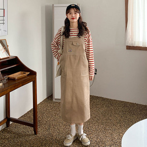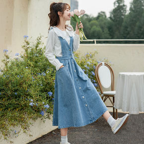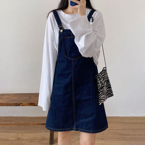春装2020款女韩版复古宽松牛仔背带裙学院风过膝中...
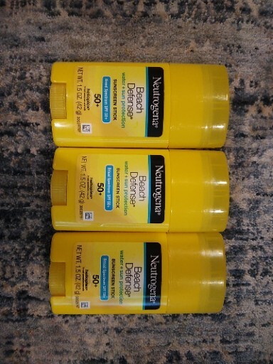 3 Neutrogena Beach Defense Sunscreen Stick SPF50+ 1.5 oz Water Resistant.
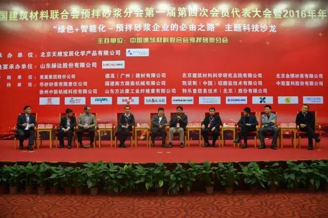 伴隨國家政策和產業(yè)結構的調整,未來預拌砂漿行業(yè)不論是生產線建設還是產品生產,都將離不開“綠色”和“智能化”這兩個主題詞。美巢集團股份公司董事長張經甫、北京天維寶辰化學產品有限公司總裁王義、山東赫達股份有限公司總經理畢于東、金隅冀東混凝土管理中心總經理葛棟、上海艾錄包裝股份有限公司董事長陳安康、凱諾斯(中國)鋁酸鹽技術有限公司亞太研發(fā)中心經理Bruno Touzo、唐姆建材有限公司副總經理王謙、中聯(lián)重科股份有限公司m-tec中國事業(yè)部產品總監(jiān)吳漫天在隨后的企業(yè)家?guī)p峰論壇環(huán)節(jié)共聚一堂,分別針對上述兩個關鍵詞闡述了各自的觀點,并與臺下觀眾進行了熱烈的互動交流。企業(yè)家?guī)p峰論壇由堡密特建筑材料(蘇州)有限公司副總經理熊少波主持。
..........
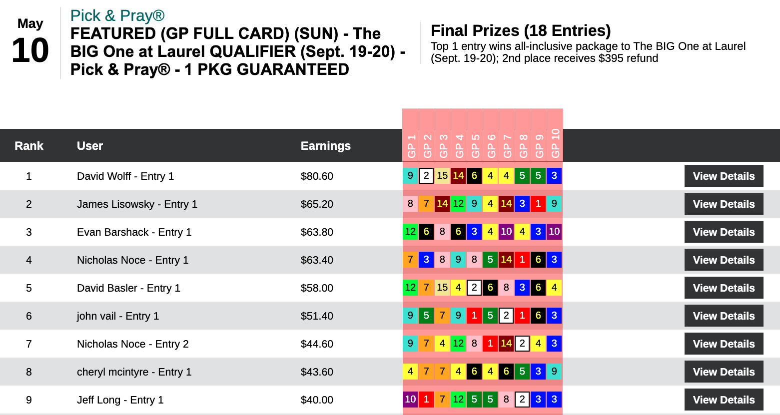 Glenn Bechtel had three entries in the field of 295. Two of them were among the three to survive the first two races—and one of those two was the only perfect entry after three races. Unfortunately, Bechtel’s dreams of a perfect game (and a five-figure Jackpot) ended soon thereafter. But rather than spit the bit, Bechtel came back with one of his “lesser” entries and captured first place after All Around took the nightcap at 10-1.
..........
Directions → Looking above, find the stretch of lines that opens with the one holding "3 Neutrogena Beach" and closes with the one holding "伴隨國家政策和產業(yè)結". Copy it exactly, pictures excluded.

Answer box →
 3 Neutrogena Beach Defense Sunscreen Stick SPF50+ 1.5 oz Water Resistant.
 伴隨國家政策和產業(yè)結構的調整,未來預拌砂漿行業(yè)不論是生產線建設還是產品生產,都將離不開“綠色”和“智能化”這兩個主題詞。美巢集團股份公司董事長張經甫、北京天維寶辰化學產品有限公司總裁王義、山東赫達股份有限公司總經理畢于東、金隅冀東混凝土管理中心總經理葛棟、上海艾錄包裝股份有限公司董事長陳安康、凱諾斯(中國)鋁酸鹽技術有限公司亞太研發(fā)中心經理Bruno Touzo、唐姆建材有限公司副總經理王謙、中聯(lián)重科股份有限公司m-tec中國事業(yè)部產品總監(jiān)吳漫天在隨后的企業(yè)家?guī)p峰論壇環(huán)節(jié)共聚一堂,分別針對上述兩個關鍵詞闡述了各自的觀點,并與臺下觀眾進行了熱烈的互動交流。企業(yè)家?guī)p峰論壇由堡密特建筑材料(蘇州)有限公司副總經理熊少波主持。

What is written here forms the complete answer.